When a request to access the cloud gaming computing system 100 is received from a receiver device 105, the cloud gaming computing system 100 accesses user account information stored in a memory 101 (which may also be referred to in the present disclosure as a cloud storage), specifically in user data 101a, to identify a user 108 associated with the receiver device 105b through which the request is initiated. In some embodiments, the cloud gaming computing system 100 may also validate the identified user 108 in order to determine all the games the user is authorised to view/play. Following user account identification/validation, the cloud gaming computing system 100 accesses game titles information stored in memory 101, specifically in games data 101b, to identify the game titles that are available at the cloud gaming computing system 100 for the user 108 initiating the request.

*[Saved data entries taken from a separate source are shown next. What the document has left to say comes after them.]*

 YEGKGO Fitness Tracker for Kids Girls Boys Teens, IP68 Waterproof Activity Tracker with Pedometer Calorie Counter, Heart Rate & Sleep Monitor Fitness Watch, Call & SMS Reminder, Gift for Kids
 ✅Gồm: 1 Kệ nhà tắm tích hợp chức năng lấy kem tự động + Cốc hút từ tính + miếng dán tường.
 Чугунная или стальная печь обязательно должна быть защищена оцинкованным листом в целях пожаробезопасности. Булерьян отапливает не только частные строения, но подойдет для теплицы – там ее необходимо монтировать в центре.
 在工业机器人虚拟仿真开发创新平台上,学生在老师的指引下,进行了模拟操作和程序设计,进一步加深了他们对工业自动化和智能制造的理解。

The receiver device 105b from where the request is initiated may or may not be registered with the cloud gaming computing system 100, when the request was initiated. If the user of the receiver device initiating the request is not a registered user, then the cloud gaming computing system 100 may identify the user as a new user and select the game titles (for e.g., a default set of game titles) that are appropriate for a new user. The identified game titles (a, b, c, d) are returned to the receiver device 105b for presenting on a display 107, as shown in FIG. 1A.

User interaction at one of the game titles (a, b, c, d) rendered on the receiver device 105b is detected and a signal is sent to the cloud gaming computing system 100. In response to the signal received from the receiver device 105b, the cloud gaming computing system 100 proactively determines a data centre where the game is being hosted and sends a signal to the identified data centre 102 to load the game associated with the game title for which the user interaction is detected. In some embodiments, more than one data centre may be hosting the game.

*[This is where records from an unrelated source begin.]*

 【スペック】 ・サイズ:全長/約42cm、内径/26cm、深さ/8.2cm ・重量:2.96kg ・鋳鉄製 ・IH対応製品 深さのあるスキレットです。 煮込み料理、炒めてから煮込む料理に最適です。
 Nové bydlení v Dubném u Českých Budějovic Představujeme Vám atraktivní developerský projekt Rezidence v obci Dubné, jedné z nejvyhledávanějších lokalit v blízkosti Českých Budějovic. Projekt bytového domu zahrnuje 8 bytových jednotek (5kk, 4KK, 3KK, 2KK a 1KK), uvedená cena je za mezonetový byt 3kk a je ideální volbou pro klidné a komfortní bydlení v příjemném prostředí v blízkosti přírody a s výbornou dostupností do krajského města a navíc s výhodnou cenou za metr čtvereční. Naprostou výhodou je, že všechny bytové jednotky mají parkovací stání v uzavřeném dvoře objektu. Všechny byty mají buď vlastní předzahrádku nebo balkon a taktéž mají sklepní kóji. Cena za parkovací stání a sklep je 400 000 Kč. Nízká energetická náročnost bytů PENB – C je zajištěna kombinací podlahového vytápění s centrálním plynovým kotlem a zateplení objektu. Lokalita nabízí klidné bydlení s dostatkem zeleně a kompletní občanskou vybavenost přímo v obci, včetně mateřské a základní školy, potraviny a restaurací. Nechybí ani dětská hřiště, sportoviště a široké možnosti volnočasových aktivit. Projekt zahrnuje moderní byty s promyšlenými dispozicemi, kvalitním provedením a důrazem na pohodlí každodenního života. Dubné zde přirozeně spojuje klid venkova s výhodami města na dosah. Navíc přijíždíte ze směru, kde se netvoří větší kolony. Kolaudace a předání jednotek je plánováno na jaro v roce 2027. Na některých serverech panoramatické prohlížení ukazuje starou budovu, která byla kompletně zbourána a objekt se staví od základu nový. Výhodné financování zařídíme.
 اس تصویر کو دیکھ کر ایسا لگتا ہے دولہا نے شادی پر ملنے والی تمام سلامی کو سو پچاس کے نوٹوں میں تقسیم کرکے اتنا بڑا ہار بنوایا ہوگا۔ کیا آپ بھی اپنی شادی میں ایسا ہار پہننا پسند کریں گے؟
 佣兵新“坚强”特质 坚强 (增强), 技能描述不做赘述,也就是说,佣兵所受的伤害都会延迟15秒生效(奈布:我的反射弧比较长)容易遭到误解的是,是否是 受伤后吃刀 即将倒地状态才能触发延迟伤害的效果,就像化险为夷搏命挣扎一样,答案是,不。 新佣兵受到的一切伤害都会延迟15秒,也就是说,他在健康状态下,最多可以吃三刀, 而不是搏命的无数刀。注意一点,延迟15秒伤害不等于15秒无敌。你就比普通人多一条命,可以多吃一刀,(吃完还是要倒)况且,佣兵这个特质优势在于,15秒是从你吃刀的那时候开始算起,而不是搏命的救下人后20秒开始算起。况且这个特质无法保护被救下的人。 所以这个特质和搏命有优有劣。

The identified data centre 102 selects a server 103 at the data centre 102 to initiate the game on the server 103. The server 103 includes a plurality of transmitter devices 104a-104c and the server determines which one of the plurality of transmitter devices 104a-104c to use to load the game.

Once the transmitter device 104b is identified, for example, the generic game-related code for the game is loaded onto the transmitter device 104b and a signal is returned to the receiver device 105b over the network 106 identifying the transmitter device 104b on which the game is initiated. The loaded game is thus made available to the user 108.

FIG. 2 is a block diagram of one example implementation of a transmitter device 104 according to an embodiment of the present disclosure. The transmitter device 104 is associated with executable instructions 115 for causing the transmitter device 104 to perform one or more of the methodologies discussed herein. The transmitter device 104 may form part of the cloud gaming computing system 100. In alternative implementations, the transmitter device 104 may be connected (e.g., networked) to other machines in a Local Area Network (LAN), an intranet, an extranet, or the Internet. The transmitter device 104 may operate in the capacity of a server or a client machine in a client-server network environment, or as a peer machine in a peer-to-peer (or distributed) network environment. The transmitter device 104 may be any machine capable of executing a set of instructions (sequential or otherwise) that specify actions to be taken by that machine. Further, while only a single transmitter device is illustrated, the term “transmitter device” shall also be taken to include any collection of machines (e.g., computers) that individually or jointly execute a set (or multiple sets) of instructions to perform any one or more of the methodologies discussed herein.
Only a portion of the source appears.